The first step in selecting algae treatment is identification.

Selecting control methods before proper identification can be a waste of time and money due to ineffective treatment.

Algae are primitive, non-flowering plants consisting of hundreds of thousands of species. They have no roots, stems, or real leaves. 

While algae found in ponds and lakes are a large group, you can generally break it down into three different categories: planktonic algae, filamentous algae, and macro-algae.

Correctly identifying these categories will increase the overall effectiveness of your treatment.

Planktonic algae

Planktonic algae, also known as phytoplankton, are microscopic, free-floating algae found in ponds.

They are what give your pond water a greenish tint. 

Planktonic algae are generally beneficial. They shade the bottom of the pond, which helps prevent the growth of rooted aquatic plants. 

Phytoplankton also provide food for zooplankton larval fishes found in ponds. 

Finally, planktonic algae provide 80% of the oxygen in the water. 

As such, fertilization programs are often used to increase the algae densities and increase a larger fish population. 
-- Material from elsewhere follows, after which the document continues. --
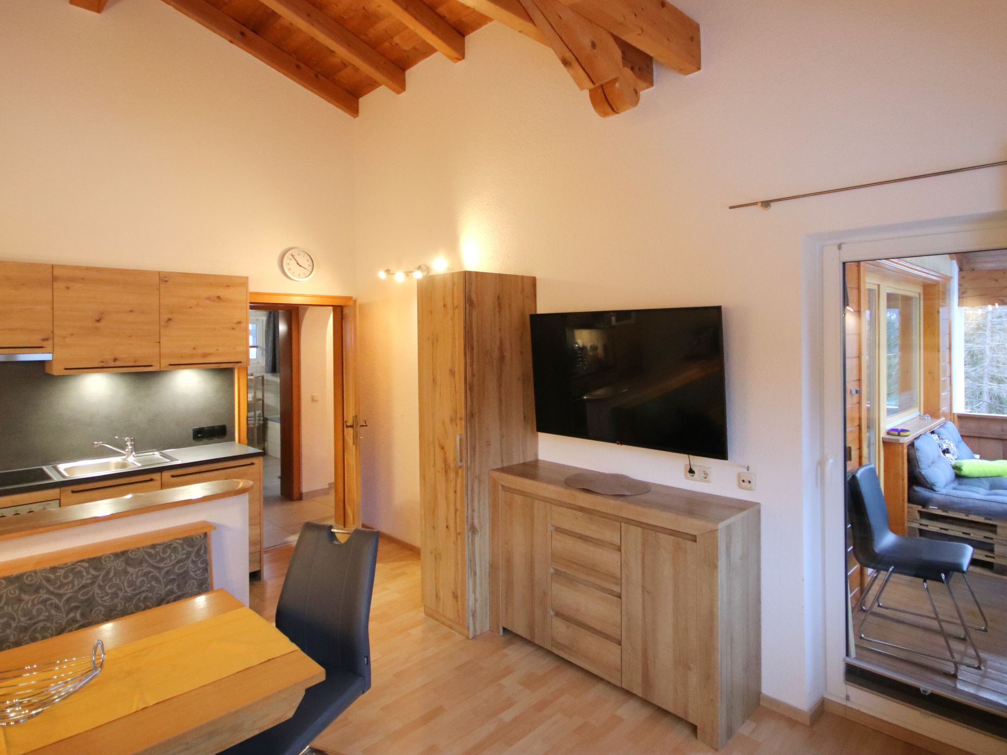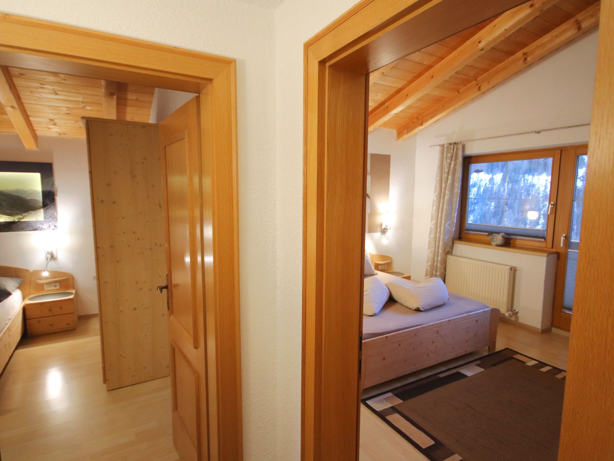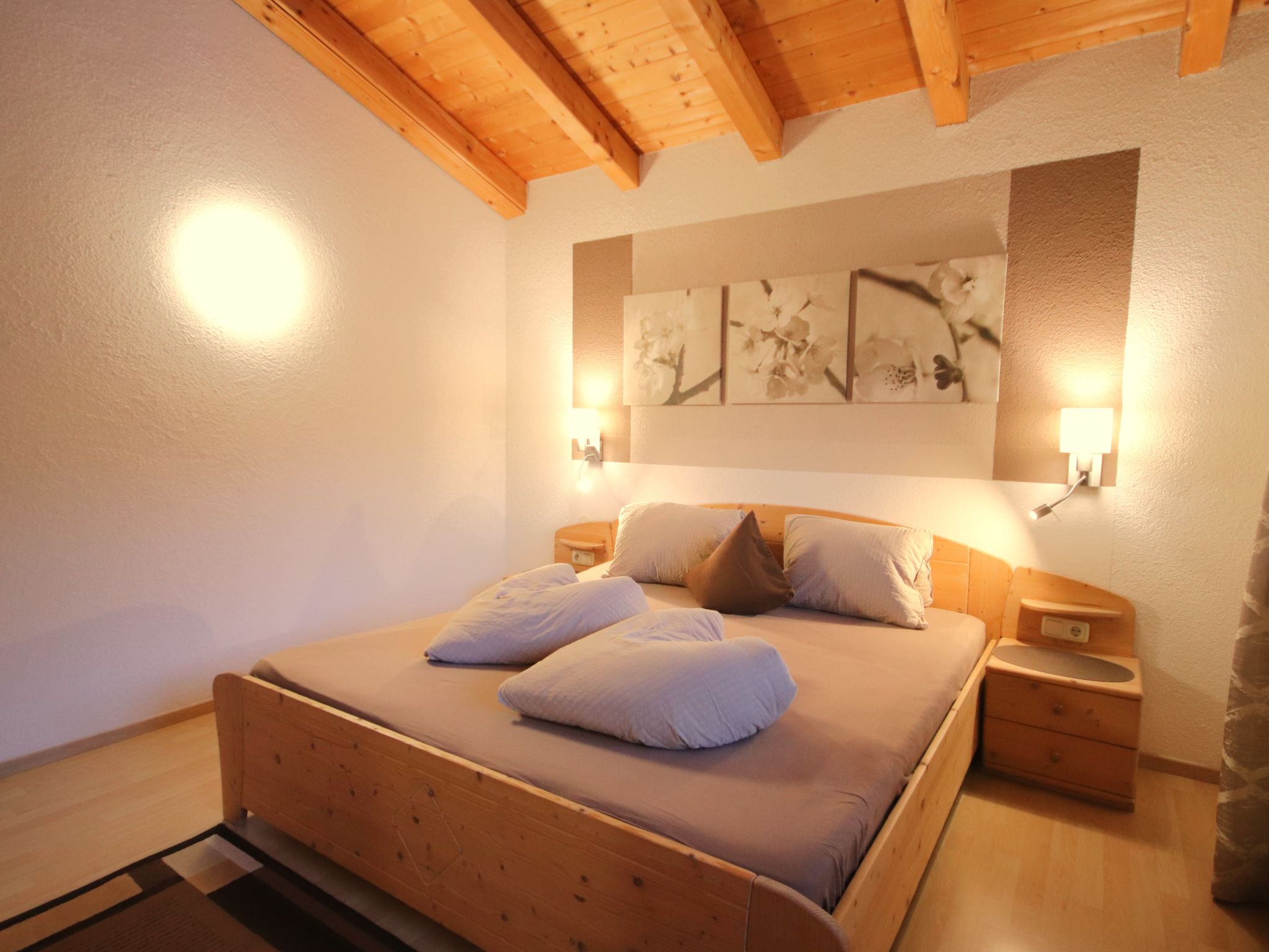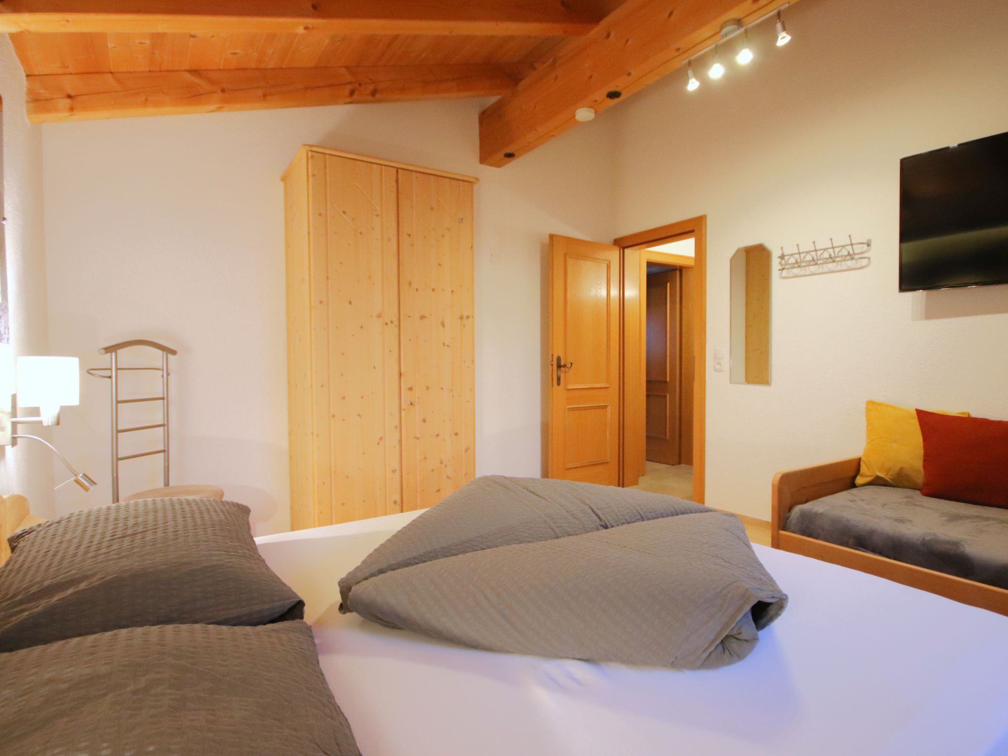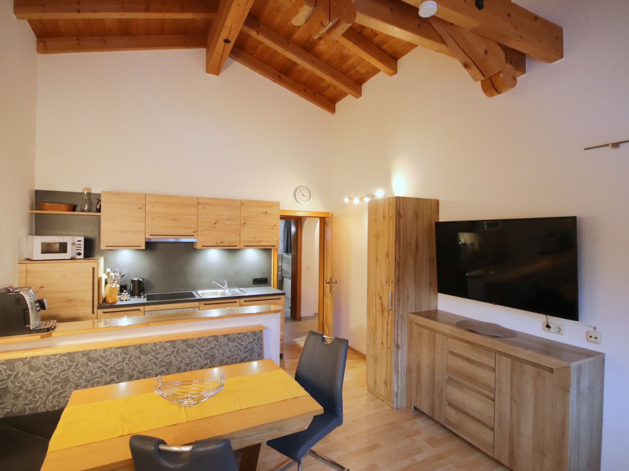 3-Zimmer-Wohnung 'Piz Mundin', 2. Etage (teils leichte Dachschräge), ca. 67 m². Diele. Wohn-/Schlafraum mit Doppelbettcouch, Essplatz (Eckbank), Balkonausgang, offene Küche (4 Ceranfelder, Backofen, Mikrowelle, Geschirrspüler, Kühlschrank, Kaffeevollautomat, Wasserkocher, Toaster). Doppelzimmer. Schlafzimmer mit Doppelbett und Einzelbett (als Zusatzbett, siehe Nebenkosten). Bad/Dusche/WC. Bei Belegung mit weniger Personen als der maximalen Personenzahl stehen nicht alle Wohneinheiten zur Verfügung.

That said, too many planktonic algae, known as “Blooms,” can deplete oxygen and kill the fish in the pond.

Filamentous Algea

Filamentous algae, known as pond scum or moss, are the most common algae problem for ponds. 

They are most likely to interfere with recreational activities like fishing and swimming. 

Filamentous algae grow on the bottom sediments in shallow water.

They are made of single cells that form long, hair-like strands resembling wet cotton or wool.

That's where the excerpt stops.